1 is an overall configuration diagram showing an embodiment of the present invention, and (1)-(5) and (15)-(18) are the same as those of the conventional apparatus (20a) (21a) (24a) (25a). Are the thyristor groups constituting the antiparallel thyristor for upward operation, (22b), (23b), (26b), and (27b) are the thyristor groups constituting the downward parallel antiparallel thyristor, (28c) (29c). ) Is a group of thyristors constituting the anti-parallel thyristors for three-phase / single-phase switching.

Next, the operation of this embodiment will be described in accordance with the above configuration.

When the car 1 is accelerated in the upward direction by the driving of the three-phase induction motor, the reverse parallel thyristors 20a, 21a, 24a and 25a for the upward operation and the reverse parallel thyristor 28c for the three-phase / single phase switching. The firing angle of the blade 29c is controlled by the firing circuit 8 to perform three-phase operation of the motor 5 to start the car 1.

Next, at the time of accelerating the downward movement of the car 1, the three-phase operation is performed by controlling the three-phase / single-phase switching of the anti-parallel thyristors 28c and 29c in the same manner, and by the firing circuit 18, The control of the firing angle of the thyristors is switched to the reverse parallel thyristors 22b, 23b, 26b, and 27b for the downward driving, and the phase change of the motor 5 is performed to switch the upward rotation direction. Start up.

In addition, in the upward deceleration operation of the car 1, the thyristor shown in Fig. 2a is formed by controlling the firing angles of the parts 20a, 23b, 25a, and 26b of the reverse parallel thyristor for the upward and downward driving. Then, DC current flowing through the motor 5 is controlled to apply DC braking to decelerate the car 1.

Next, during the deceleration operation of the car 1, the firing angles of the parts 21a, 22b, 24a, and 27b of the antiparallel thyristor for the upward and downward operation are controlled as shown in FIG. The thyristor circuit shown in the figure is configured to control the direct current flowing in the motor 5 in the opposite direction as in the upward operation to apply the DC braking to decelerate the car 1.

3A shows the speed command signal.

Vpo is a speed signal when driving a car at the rated speed determined by the number of poles of the induction motor and the frequency of the power supply, and Vp1 drives the car at a speed that does not reach the rated speed when the distance from the start floor to the stop floor is short. This is the speed command signal.

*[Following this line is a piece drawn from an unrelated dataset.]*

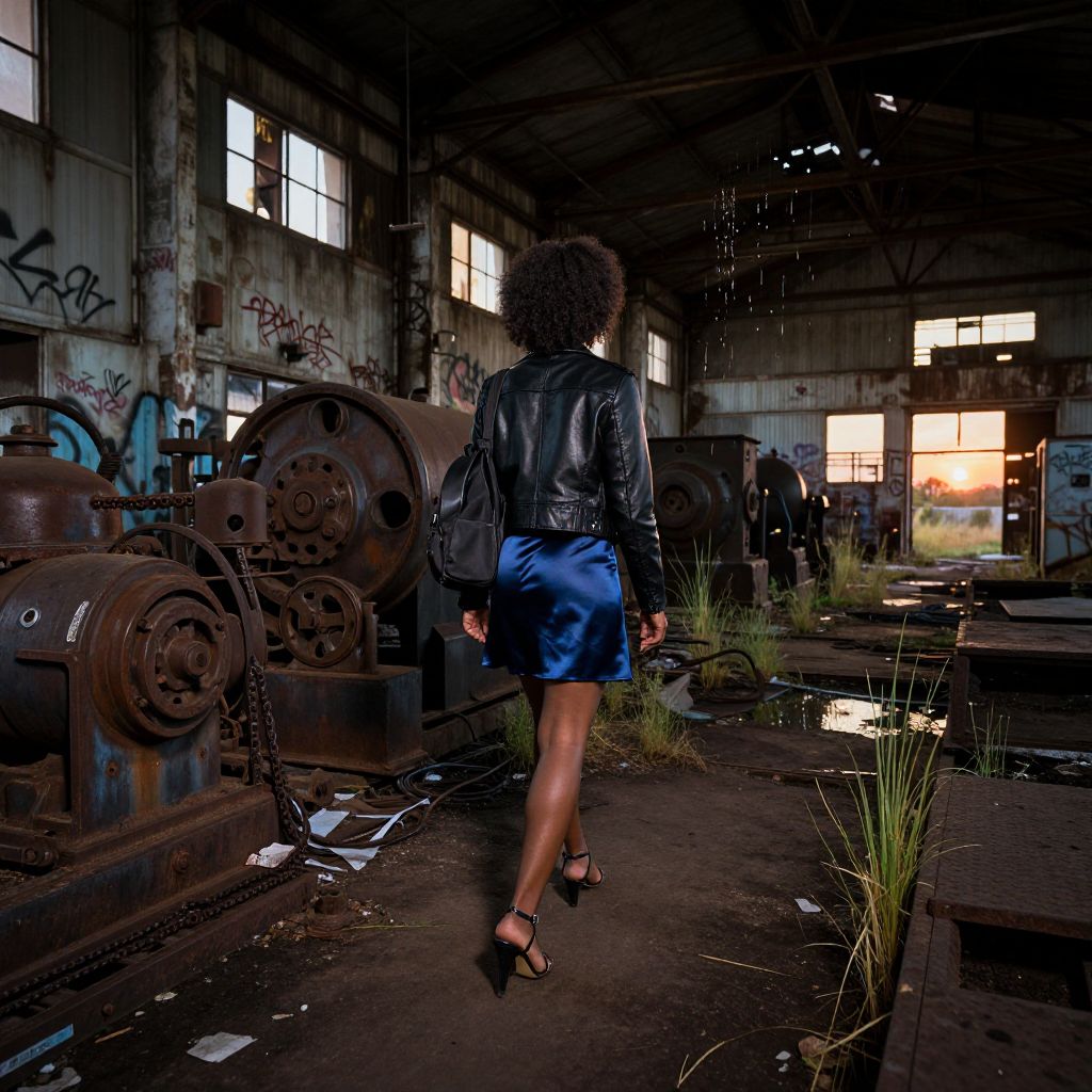 Photograph of a woman with curly black hair walking away in an abandoned industrial building. She wears a black leather jacket, blue knee-length skirt, and black sandals. The background features large, rusted cylindrical machinery, graffiti on the concrete walls, and broken windows letting in sunlight. Green grass and debris are scattered on the floor. The scene is dimly lit with natural light filtering through the windows, creating a contrast with her dark jacket and blue skirt. The overall atmosphere is gritty and urban.

When the speed command signal accelerates to the rated speed like Vpo, the induction motor is excited by three-phase alternating current until the reduction start point, and the machine energy is supplied to the power supply by igniting the thyristors where the motor generates braking force such as no load rise and full load. I'm coming back.

A point falling is to select a thyristor controlled by (+) (-) of the deviation signal Ve of the speed command signal Vp and the speed detection signal Vt to reverse or DC brake the induction motor.

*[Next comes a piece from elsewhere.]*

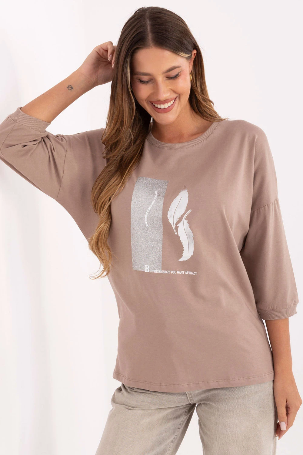 Klasická dámská tričko s metalickým potiskem vpředu je ideálním návrhem na každý den, který stylizaci dodává jemný lesk. Vyrobená z měkké bavlny s přídavkem elastanu poskytuje pohodlí a svobodu pohybu a standardní délka umožňuje snadné kombinování s oblíbenými kalhotami nebo sukní. Model s 3/4 rukávem a klasickým kulatým výstřihem spojuje pohodlí s módním akcentem, díky čemuž se skvěle hodí jak do každodenních, tak do trochu volnějších, příležitostných stylizací.

On the other hand, if the motor is not accelerated to the rated speed as Vp1, the thyristor to be controlled by the positive signal (-) of the deviation signal between Vp and Vt is selected and the torque of the induction motor is selected as braking even in the constant speed operation. do.

Here, in the upward deceleration operation, the anti-parallel thyristors 26b and 25a in FIG. 2A do not carry out the firing phase control by the speed feedback control, and the half cycle of the AC power supply R, S is always energized. When the flywheel current flowing through the electric motor 5 flows through the thyristors 26b and 25a during the upward deceleration operation, the electric current can be smoothed and the boarding of the elevator The steel is good and the motor noise is reduced.

In the downward deceleration operation, if the anti-parallel thyristors 21a and 22b in FIG. 2B are always in the conduction state by all arcs as described above, the same good effects as described above can be obtained.

As described above, the thyristors constituting the braking circuits at the time of the upward deceleration operation and the downward deceleration operation are separated from the (20a), (23b), (26b) (25a) and (21a) (22b) (27b) (24a). Furthermore, as described above, the thyristor for allowing the flywheel current to flow is connected to the S phase at the upper deceleration (26b) 25a and to the R phase at the lower deceleration (21a) (22b). ).

For this reason, as shown in FIG. 3, the thermal balance of each thyristor becomes favorable.

In particular, in recent years, the anti-parallel thyristors are buried in one packaging, but the use of these thyristors in the same way as in the present invention has the advantage that the thermal balance between each package (also referred to as the mode is Lister) is good.

4 is an example of an internal circuit of the firing circuit 18. As shown in FIG.

HRS, HST, and HTR are phase control circuits that change phases according to the deviation circuit ε of the input, respectively.

If the output of this phase control circuit is hR, hS, hT, this output becomes as shown in FIG.

5 shows a representative example of hR.

The output pulses whose output pulses are delayed by the control angle a are similarly output for the phase voltages, the phases S-T, and the T-Rs, respectively.

Next, A20-A27 and B20-B27 are AND circuits C22, C21, C26, and C25 are OR circuits, and IN1-IN5 are inverters for converting an H signal to L and an L signal to H.

IF1 and IF2 surrounded by a dashed line are interface circuits, and are electrically insulated so that signals are transmitted by the photocoupler.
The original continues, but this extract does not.